The Queensland and federal governments have agreed to a streamlined model to implement disaster recovery funding in the wake of the state's flood crisis.
Queensland Treasurer Tim Nicholls says the National Partnership Agreement, which was signed off on late on Friday afternoon, is a slightly modified version of a similar partnership drawn up after the 2011 disaster.
Mr Nicholls says the agreement will reduce red tape by allowing projects over $1 million to be signed off in Queensland without needing Commonwealth approval.
"That means we will be able to get work on those projects started much more quickly than would otherwise have been the case," he told reporters.
It will also see the inclusion of a "betterment" clause, which will encourage flood-prone roads or areas to be rebuilt better than the current standard.
But Mr Nicholls said the biggest sticking point was a provision for the restoration of essential public infrastructure like parks, playgrounds and public facilities that would not have been included under the old determination.
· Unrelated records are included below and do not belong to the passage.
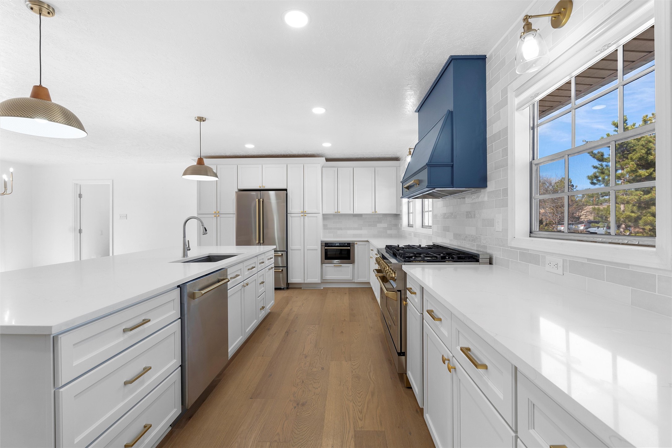 Welcome to this beautifully renovated home located on the desirable Barranca Mesa! With an expansive open concept design, this home offers a seamless flow between the living and dining spaces. Numerous windows bring in an abundance of natural sunlight, creating a warm and inviting atmosphere. The gourmet kitchen with large center island is a cook's dream, featuring premium, brand new, Zline appliances. Boasting six bedrooms, this property provides ample room for families or guests. The lower level features a versatile basement with its own kitchenette and private entrance--ideal for rental potential, a guest suite, or additional living space. Other updates include new ceiling fans in and doors to the bedrooms, and sleek, new vanities and toilets in all three bathrooms. Enjoy year-round comfort with central air conditioning in the summer, and a large, heated garage in the winter. The enormous lot provides plenty of room for outdoor activities; landscaping and gardening become more enjoyable with new sprinkler systems in both the front and backyard. If you are searching for a home with modern upgrades with endless possibilities, this could be the home for you!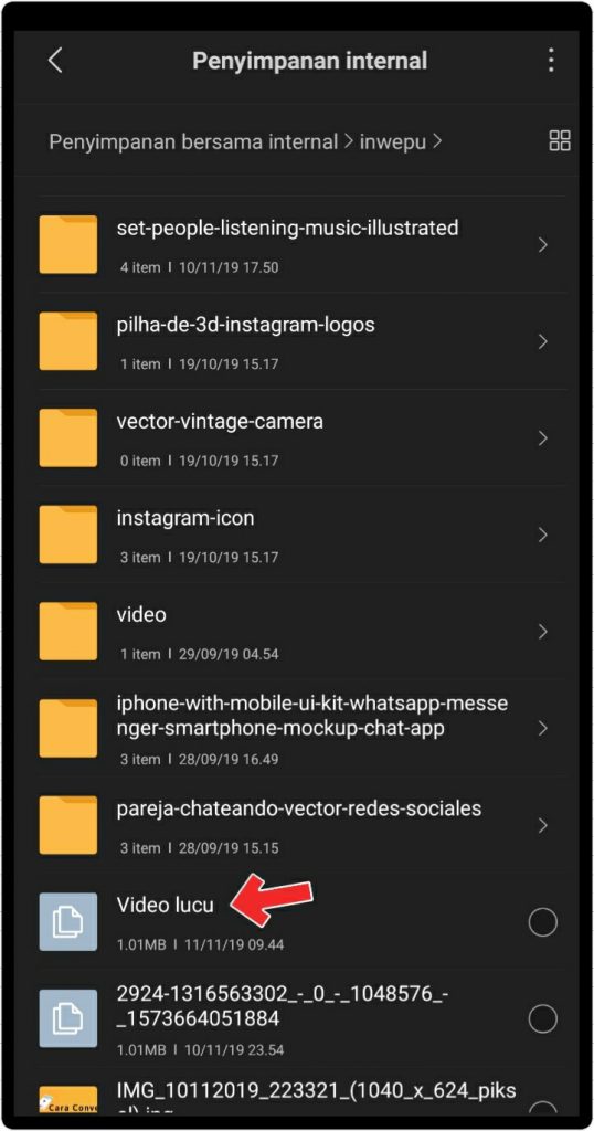 5. Ganti nama file tersebut agar mudah dicari saat dipindahkan nanti. Tujuan memindahkan file video adalah agar video ini tersimpan secara permanen di handphone kita.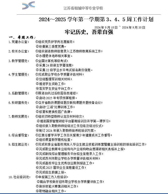 2024~2025学年第一学期第3、4、5周工作计划.docx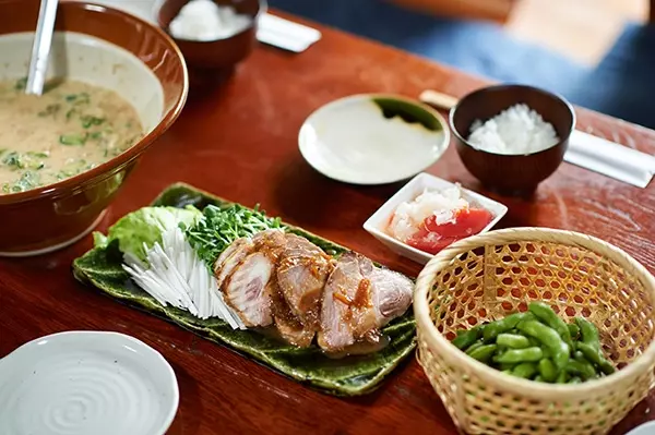 冷や汁の食べ方は、ごはんに少しかけてその部分を食べ、またかけて食べる、を繰り返すのが正解。一気にかけて食べると味が薄まってしまうからだそうです。「ごまを擦るのがちょっと手間ですが、自分で頑張って擦っただけの価値のある食べ物だと思います。これからの暑い夏におすすめですよ」。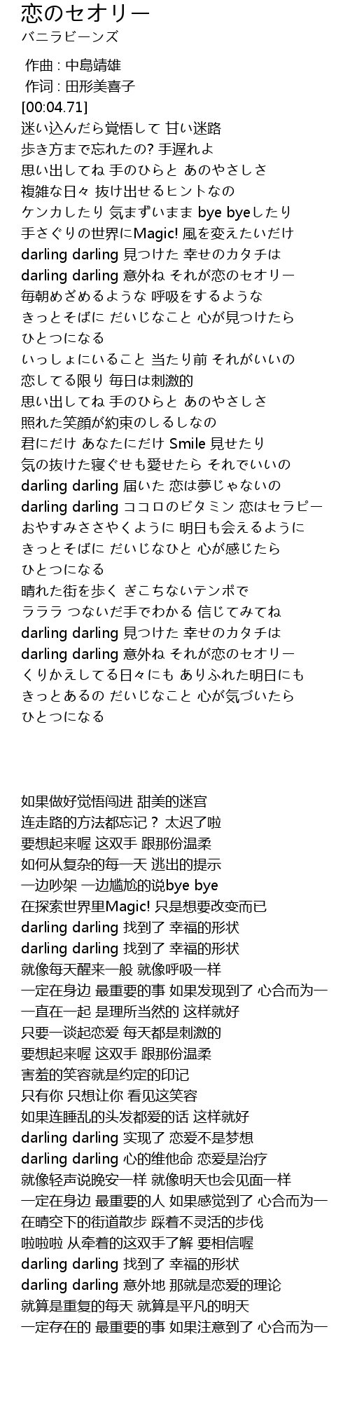 | [02:31.24] | darling darling 心的维他命 恋爱是治疗 |
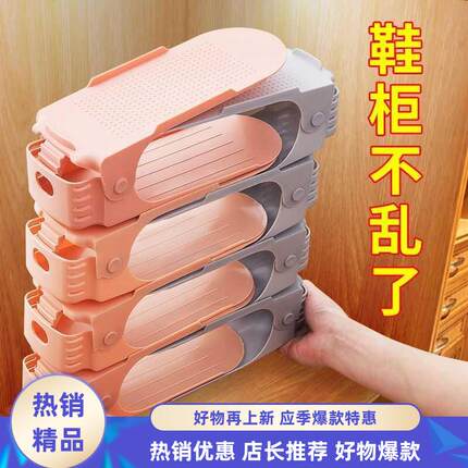可调节鞋柜鞋子收纳神器塑料双层鞋架简易家用一体式鞋托架折叠式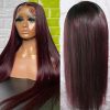 Straight Dark 99J Burgundy 13×4 Lace Front Wig Glueless Wigs 100% Human Hair
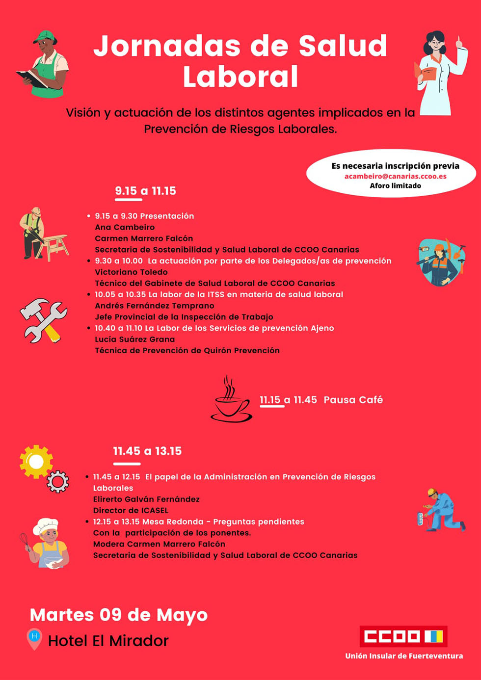 Con motivo del Día Mundial de la Seguridad y la Salud en el Trabajo, Comisiones Obreras Fuerteventura organiza el próximo 9 de mayo una jornada bajo el título “Visión y actuación de los distintos agentes implicados en la prevención de los riesgo laboral” con la participación la Inspección de Trabajo, ICASEL (Instituto Canario de Salud Laboral) , Quirón Prevención y el Gabinete de PRL de CCOO Canarias. Estas jornadas se engloban en torno a los objetivos de la Estrategia canaria por la seguridad y la salud laboral 2023-2027.

"We wanted to make sure they were included in the categories of assistance... and weren't just left in the hands of councils," said.
Mr Nicholls earlier in the week accused Senator Joe Ludwig, the federal minister responsible for Queensland's flood recovery, of playing politics with the issue in an election year.
But he said Senator Ludwig had since worked closely with the state to ensure all of its demands were met.
"I think the federal government realised that there was no advantage of them in delaying getting on with the job," he said.
"I think both sides have now worked constructively to get a result."
Mr Nicholls said public infrastructure to be improved under the "betterment" clause was still to be identified.
He said the agreement was expected to cost the Commonwealth about $6 billion, while Premier Campbell Newman has put Queensland's damage bill at more than $2.4 billion.